Graph Attention Network (Velickovic et al., 2018).
Implements attention-based message passing where each node attends to its neighbors with learned attention weights. Unlike GCN which uses fixed normalization, GAT learns to weight neighbor contributions adaptively.
Architecture
Node Features [batch, num_nodes, input_dim]
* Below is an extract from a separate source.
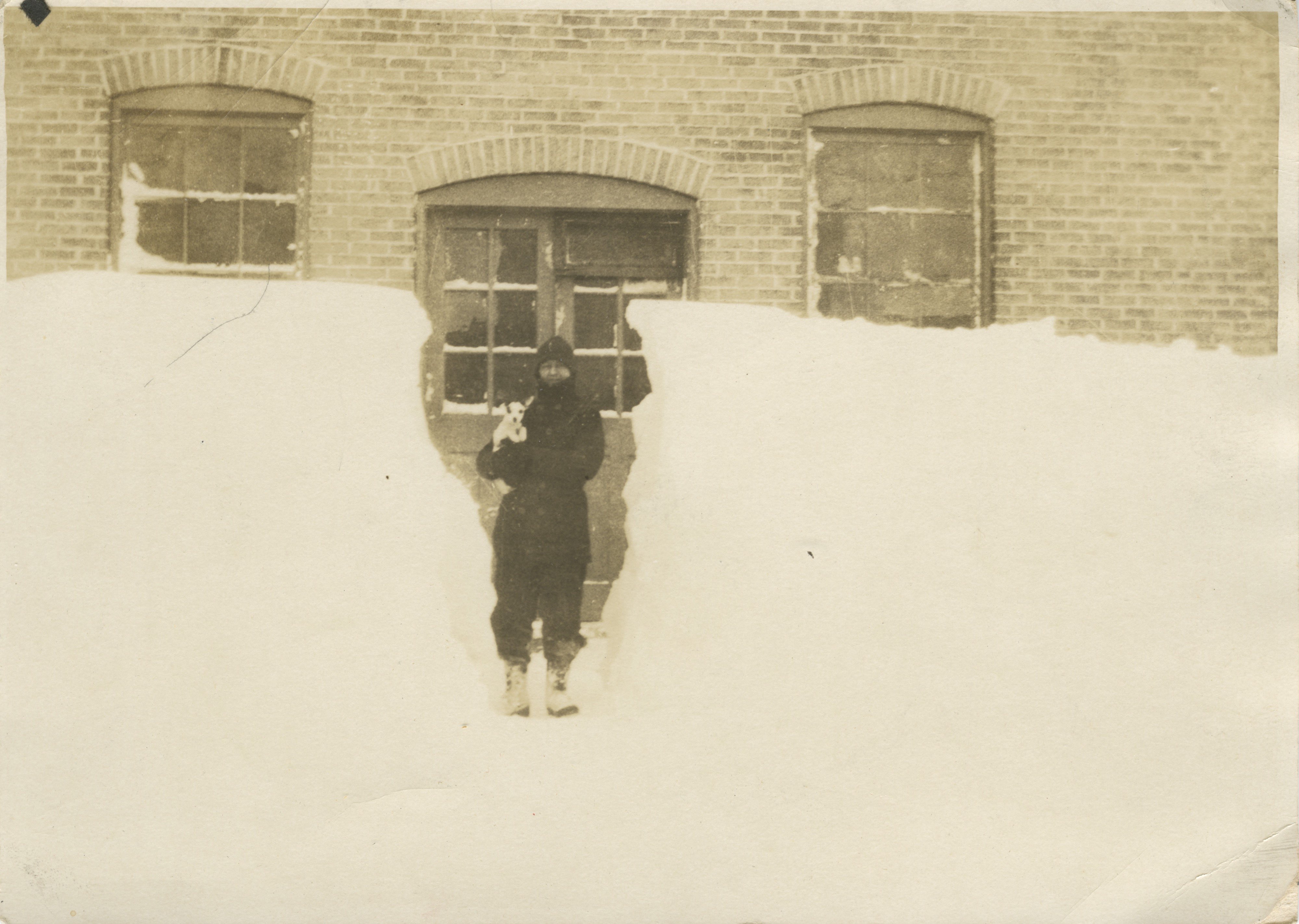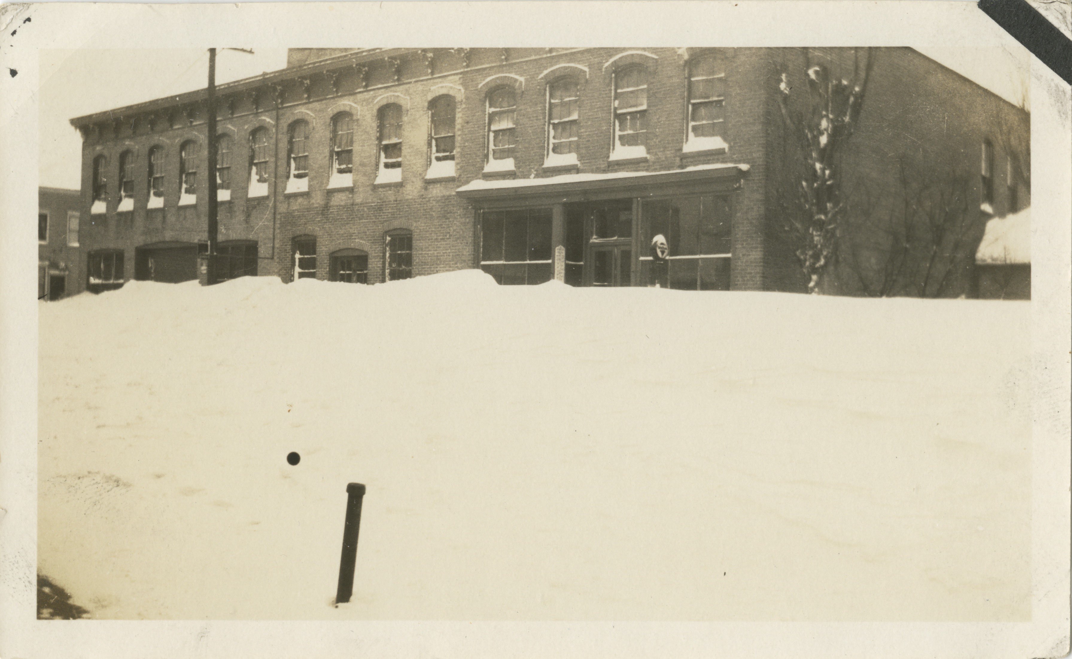 Two undated photos of the Terens Hardware Building, 447 E Main Street, after snow storms. The first photo has a handwritten label on the back that reads “Nora + Skippy.”

Adjacency [batch, num_nodes, num_nodes]
|
v
+--------------------------------------+
| GAT Layer (K heads): |
| |
| For each head k: |
| 1. Project: z_i = W_k h_i |
| 2. Attention: e_ij = |
| LeakyReLU(a^T [z_i || z_j]) |
| 3. Normalize: alpha_ij = |
| softmax_j(e_ij) * A_ij |
| 4. Aggregate: h_i' = |
| sigma(SUM_j alpha_ij z_j) |
| |
| Concatenate heads: [h1 || ... hK] |
+--------------------------------------+
|
v
Node Embeddings [batch, num_nodes, num_heads * hidden_size]Multi-head attention allows the model to jointly attend to information from different representation subspaces at different positions.
Usage
# Build a GAT for node classification
model = GAT.build(
input_dim: 16,
hidden_size: 8,
num_heads: 8,
num_classes: 7,
dropout: 0.6
)References
- "Graph Attention Networks" (Velickovic et al., ICLR 2018)
Summary
Functions
Compute attention coefficients between connected nodes.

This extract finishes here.